• **EXERCISE INSTRUCTIONS**
Give a verbatim copy of the data, leaving the pictures out.

• **ENTRIES SHOWN**
§ §

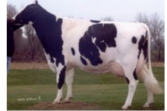
Glenn-Ann Miss Pepperdine VG-89

VG-87 Snowman x VG-87 Mac x EX-90 Shottle x EX-90 Durham x VG-89 Rudolph x VG-87 Formation x VG-85 Blackstar x VG-87 Chief Mark
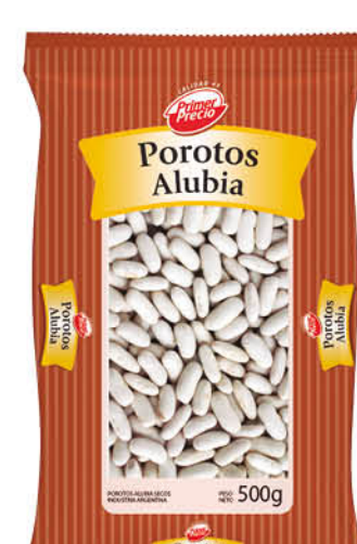
Porotos PRIMER PRECIO, Alubia, 500 g

Disponibles (u.): 3.400 El kg $ 4.612,50 PRECIO SIN IMPUESTOS NACIONALES: $ 1.469,68
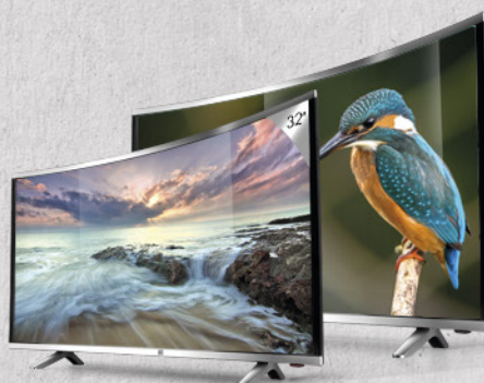
TELEVISION CURVE 32" y 39"

C/ Margarita 34, 36 y 38 (POLIG. IND. EL LOMO) Humanes de Madrid. 28970 MADRID Teléfono: 902 040 252 / Fax: 91 279 15 19 902040252@lufthous.es http://www.lufthous.es
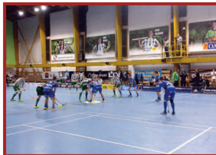
Úvodní buly zápasu
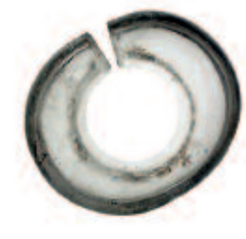
Boucle d'oreille en cristal de roche. Asie du Sud-Est. 1 er millénaire av. J.-C.
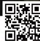
新界地區抗疫連線
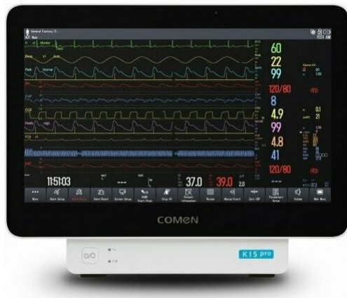
Фото Монитор пациента COMEN K15 Pro

Отправьте запрос на коммерческое предложение и получите индивидуальные цены и сроки поставки
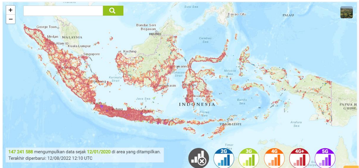
Gambar 1. 3 Peta cakupan 3G/4G/5G Telkomsel di Indonesia
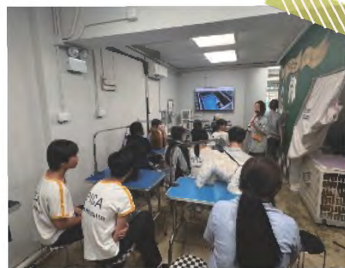
職場體驗活動 - 寵物美容
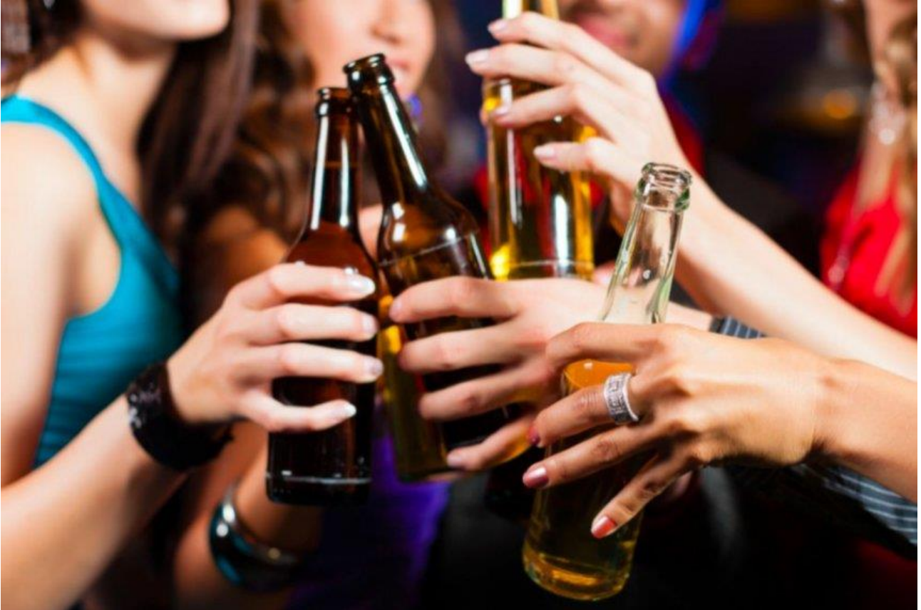
Foto: jóvenes de fiesta.

¿No es más cierto que bebemos más por costumbre que por gusto?
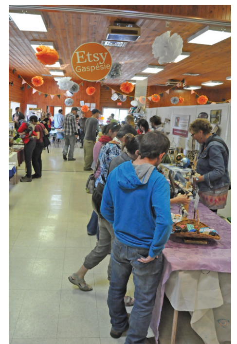
Environ 650 visiteurs ont assisté à l'exposition.
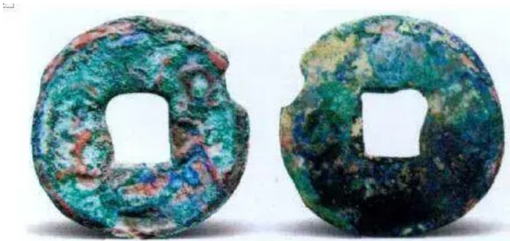
图 1-7 “襄阴二”钱（正、背） 直径：28.5 毫米
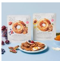
PLAZA・MINiPLA限定 プロテインベーグルチップ 各496円
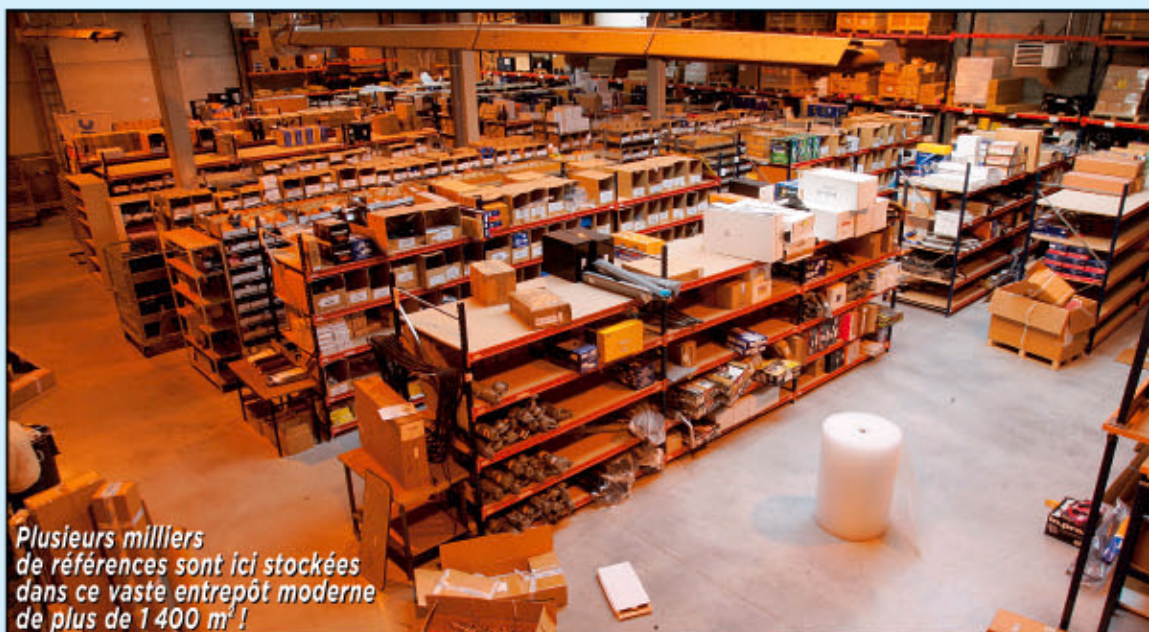
Plusieurs milliers de références sont ici stockées dans ce vaste entrepôt moderne de plus de 1 400 m 2 !
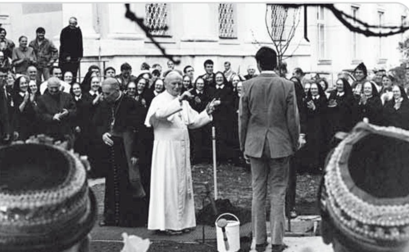
Jan Pavel II. na Velehradě 22. dubna 1990.

V nových poměrech náboženský boom nenastal. V prvním svobodném školním roce přihlásili rodiče k výuce náboženství překvapivě velké množství dětí. Již v průběhu tohoto roku děti z nepovinné výuky hromadně prchaly. V dalším roce už počet přihlášených byl přibližně stejný jako za komunistického režimu. Teologické fakulty se vrátily do svazku univerzit a naplnily se studenty, jejich počet však v následujících letech prudce klesal a už řadu let absolventi nevyrovňávají přirozený úbytek duchovních. Římskokatolická církev udržuje chod stovek farností jen díky kněžím vypůjčeným z Polska. Mužské kláštery se rychle naplnily dotud utajenými členy a novici. Po pár letech opět, až na vzácné výjimky, zejí prázdnotou. Za první desetiletí mezi sčítáními lidu raketově vzrostl počet lidí bez vyznání ze zaokrouhlené 40 na 60 procent. Není třeba žádné oficiální protináboženské propagandy, náboženská společenství prostě ztrácejí důvěru a lidé se k nim méně hlásí a méně se podílejí na jejich aktivitách.
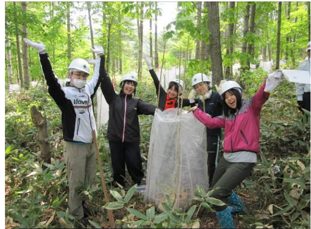
植樹を終えて笑顔で喜びを表現する教職員
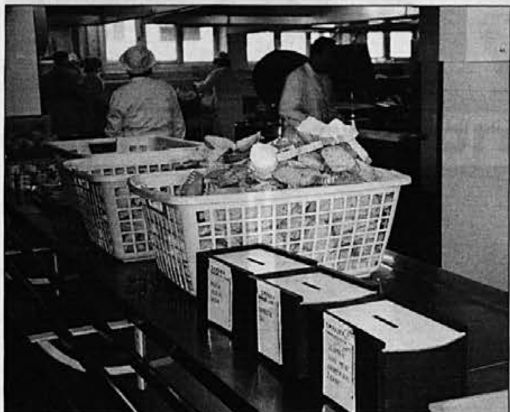
Odslej lahko dan naprej izbiramo kar med tremi malicami

Že v prvih dneh se je pokazalo, da so ljudje zadovoljni. Jedo sicer različno, vendar se jih veliko odloča tudi za drugo malico, kar nekaj pa tudi za tretjo različico malice. Toda v kuhinji vse to zmorejo. Takole pravijo: "Če smo prej imeli tudi po 1200 obrokov, jih imamo sedaj 700. Skratka, zadovoljni smo tudi mi, ki malico pripravljamo v skladu s potrebami, interesi, pa tudi načeli zdrave prehrane."

§ §

• **RESULT OF THIS TASK**
Glenn-Ann Miss Pepperdine VG-89

VG-87 Snowman x VG-87 Mac x EX-90 Shottle x EX-90 Durham x VG-89 Rudolph x VG-87 Formation x VG-85 Blackstar x VG-87 Chief Mark
Porotos PRIMER PRECIO, Alubia, 500 g

Disponibles (u.): 3.400 El kg $ 4.612,50 PRECIO SIN IMPUESTOS NACIONALES: $ 1.469,68
TELEVISION CURVE 32" y 39"

C/ Margarita 34, 36 y 38 (POLIG. IND. EL LOMO) Humanes de Madrid. 28970 MADRID Teléfono: 902 040 252 / Fax: 91 279 15 19 902040252@lufthous.es http://www.lufthous.es
Úvodní buly zápasu
Boucle d'oreille en cristal de roche. Asie du Sud-Est. 1 er millénaire av. J.-C.
新界地區抗疫連線
Фото Монитор пациента COMEN K15 Pro

Отправьте запрос на коммерческое предложение и получите индивидуальные цены и сроки поставки
Gambar 1. 3 Peta cakupan 3G/4G/5G Telkomsel di Indonesia
職場體驗活動 - 寵物美容
Foto: jóvenes de fiesta.

¿No es más cierto que bebemos más por costumbre que por gusto?
Environ 650 visiteurs ont assisté à l'exposition.
图 1-7 “襄阴二”钱（正、背） 直径：28.5 毫米
PLAZA・MINiPLA限定 プロテインベーグルチップ 各496円
Plusieurs milliers de références sont ici stockées dans ce vaste entrepôt moderne de plus de 1 400 m 2 !
Jan Pavel II. na Velehradě 22. dubna 1990.

V nových poměrech náboženský boom nenastal. V prvním svobodném školním roce přihlásili rodiče k výuce náboženství překvapivě velké množství dětí. Již v průběhu tohoto roku děti z nepovinné výuky hromadně prchaly. V dalším roce už počet přihlášených byl přibližně stejný jako za komunistického režimu. Teologické fakulty se vrátily do svazku univerzit a naplnily se studenty, jejich počet však v následujících letech prudce klesal a už řadu let absolventi nevyrovňávají přirozený úbytek duchovních. Římskokatolická církev udržuje chod stovek farností jen díky kněžím vypůjčeným z Polska. Mužské kláštery se rychle naplnily dotud utajenými členy a novici. Po pár letech opět, až na vzácné výjimky, zejí prázdnotou. Za první desetiletí mezi sčítáními lidu raketově vzrostl počet lidí bez vyznání ze zaokrouhlené 40 na 60 procent. Není třeba žádné oficiální protináboženské propagandy, náboženská společenství prostě ztrácejí důvěru a lidé se k nim méně hlásí a méně se podílejí na jejich aktivitách.
植樹を終えて笑顔で喜びを表現する教職員
Odslej lahko dan naprej izbiramo kar med tremi malicami

Že v prvih dneh se je pokazalo, da so ljudje zadovoljni. Jedo sicer različno, vendar se jih veliko odloča tudi za drugo malico, kar nekaj pa tudi za tretjo različico malice. Toda v kuhinji vse to zmorejo. Takole pravijo: "Če smo prej imeli tudi po 1200 obrokov, jih imamo sedaj 700. Skratka, zadovoljni smo tudi mi, ki malico pripravljamo v skladu s potrebami, interesi, pa tudi načeli zdrave prehrane."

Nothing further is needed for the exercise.